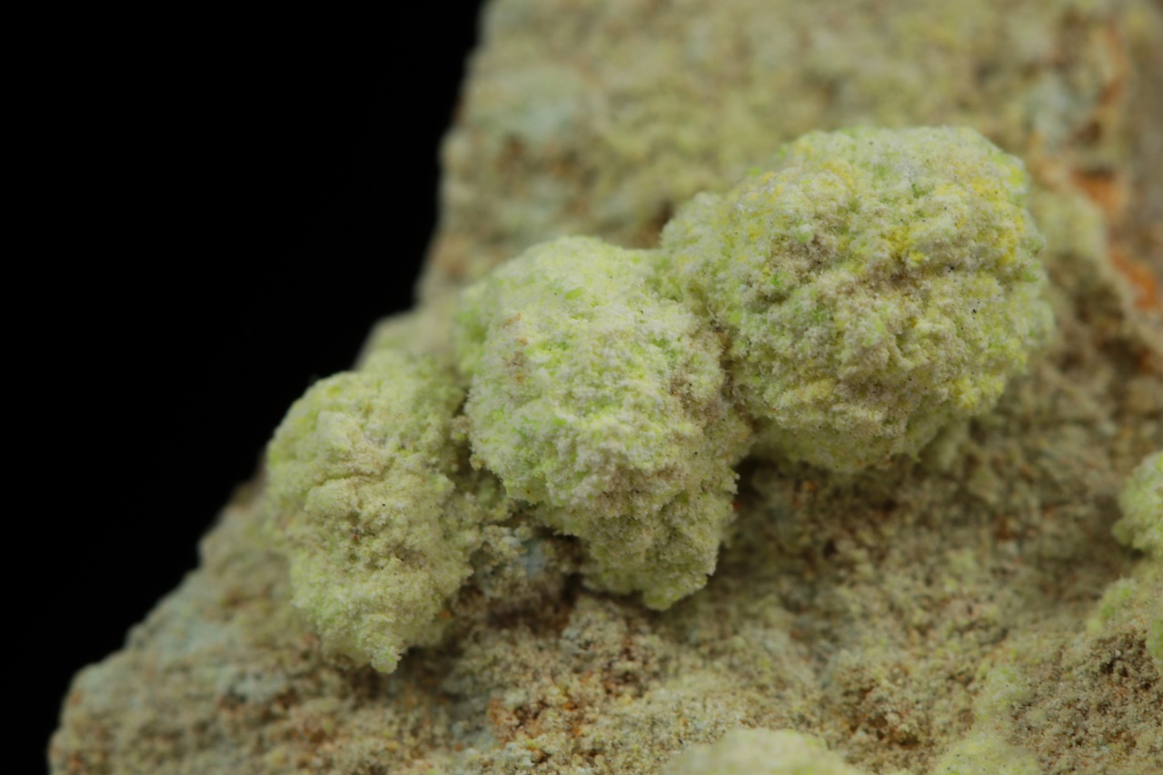 Světle žluté kulovité agregáty (až 6 mm velké) velmi vzácného sulfátu uranylu, hliníku a sodíku z typové lokality. Vzorek je z dutiny odkud pochází nejlepší vzorky.
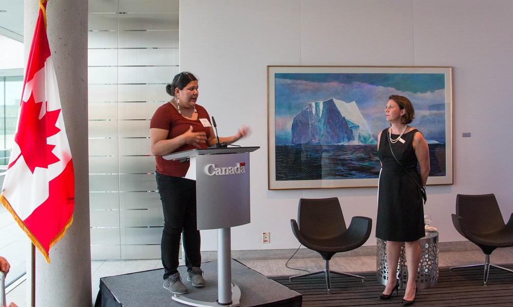 Donetta Tritt of the Gwich’in people speaks at a reception at the Canadian Embassy honoring the Gwich’in and Wilderness Week participants.
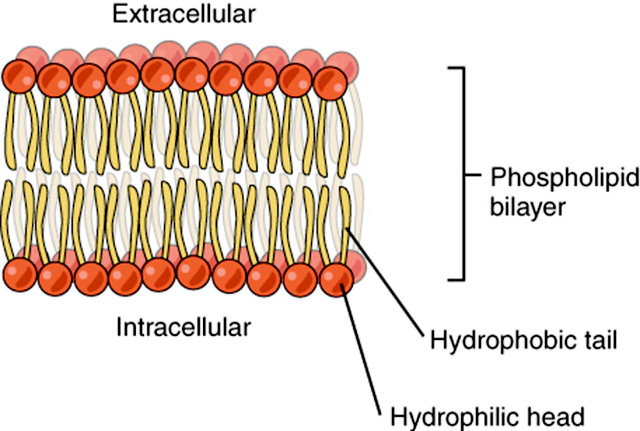 A phospholipid molecule has a hydrophilic phosphate group on one end, called the “head,” and two side-by-side hydrophobic fatty acid chains that make up the lipid tails. The phosphate heads are thus attracted to the water molecules of both the extracellular and intracellular environments, while the lipid tails will actively position themselves away from water.
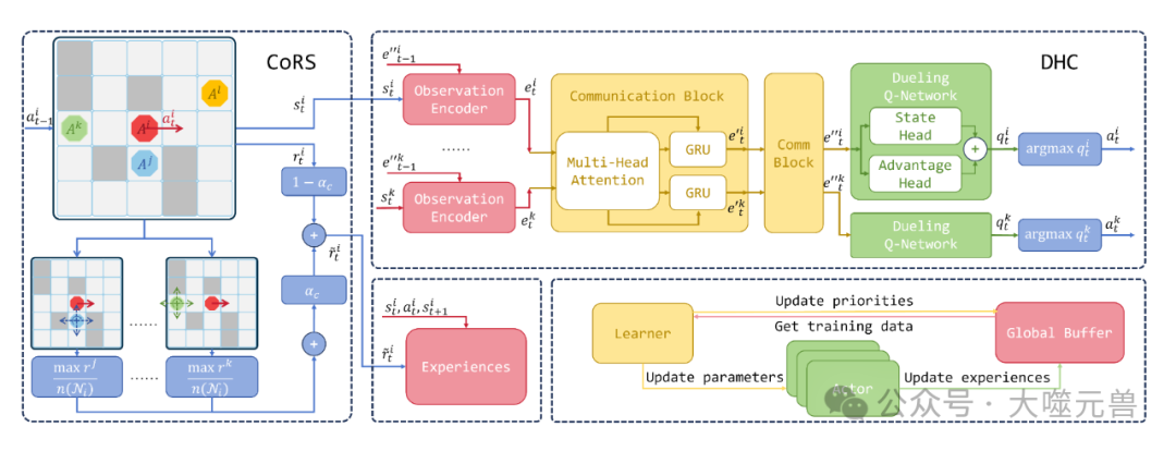 图 2:CoRS 和 DHC 算法的组合框架。CoRS 组件主要塑造奖励。DHC 组件由通信块和对决 Q 网络组成。值得注意的是,通信块采用多头注意力机制。该框架利用并行训练作为一种有效的解决方案。此过程涉及同时生成多个参与者以生成经验数据并将其上传到全局缓冲区。然后,学习者从全局缓冲区中检索此数据以进行训练,从而允许频繁更新参与者的网络。
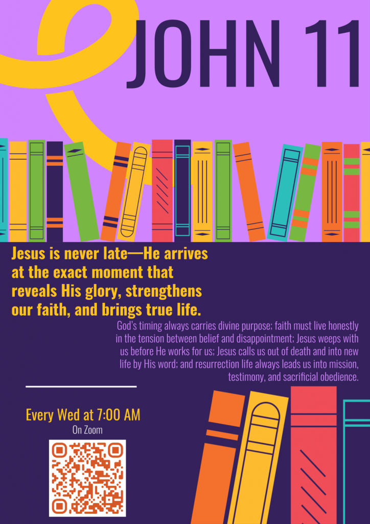 时间:每周三晚上 9:15 – 10:30; 教会 Zoom 聚会链接
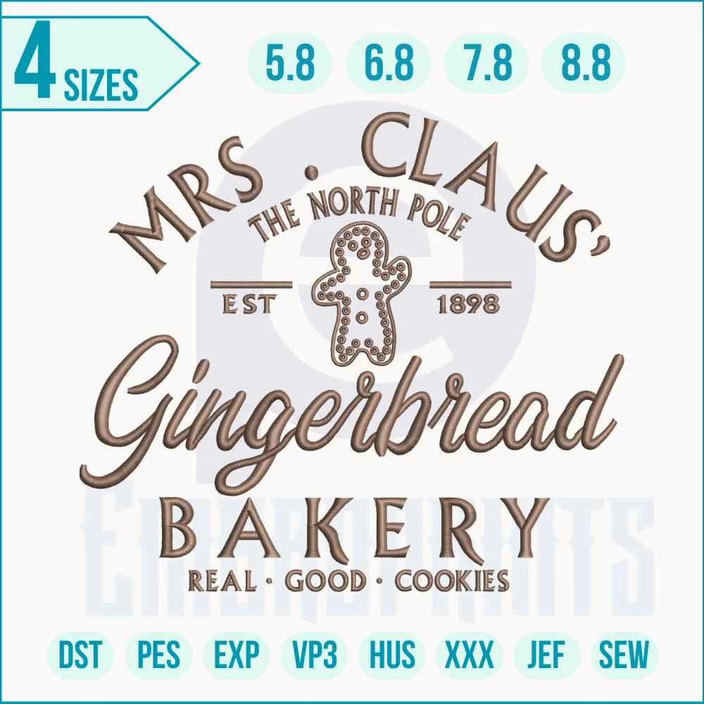 Bakery embroidery design, Gingerbread embroidery, Cute bakery embroidery, Christmas gingerbread embroidery
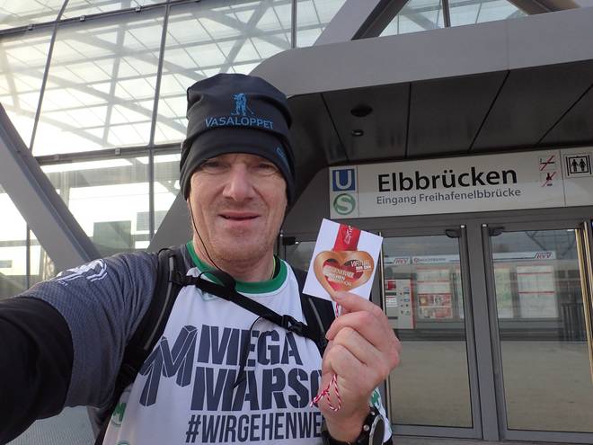 U-Bahn Elbbrücken 15.49 Uhr / Km 43,49 6:57:52 Stunden waren es, die ich für meinen 14. virtuellen Marathon benötigt hatte. Es war nicht schnell, aber es war routiniert durchgezogen. |

————

| PROBLEM DESCRIPTION |
Transcribe the material above in full. No picture is to be copied.

| RESULT FOR THIS EXERCISE |
 Světle žluté kulovité agregáty (až 6 mm velké) velmi vzácného sulfátu uranylu, hliníku a sodíku z typové lokality. Vzorek je z dutiny odkud pochází nejlepší vzorky.
 Donetta Tritt of the Gwich’in people speaks at a reception at the Canadian Embassy honoring the Gwich’in and Wilderness Week participants.
 A phospholipid molecule has a hydrophilic phosphate group on one end, called the “head,” and two side-by-side hydrophobic fatty acid chains that make up the lipid tails. The phosphate heads are thus attracted to the water molecules of both the extracellular and intracellular environments, while the lipid tails will actively position themselves away from water.
 图 2:CoRS 和 DHC 算法的组合框架。CoRS 组件主要塑造奖励。DHC 组件由通信块和对决 Q 网络组成。值得注意的是,通信块采用多头注意力机制。该框架利用并行训练作为一种有效的解决方案。此过程涉及同时生成多个参与者以生成经验数据并将其上传到全局缓冲区。然后,学习者从全局缓冲区中检索此数据以进行训练,从而允许频繁更新参与者的网络。
 时间:每周三晚上 9:15 – 10:30; 教会 Zoom 聚会链接
 Bakery embroidery design, Gingerbread embroidery, Cute bakery embroidery, Christmas gingerbread embroidery
 U-Bahn Elbbrücken 15.49 Uhr / Km 43,49 6:57:52 Stunden waren es, die ich für meinen 14. virtuellen Marathon benötigt hatte. Es war nicht schnell, aber es war routiniert durchgezogen. |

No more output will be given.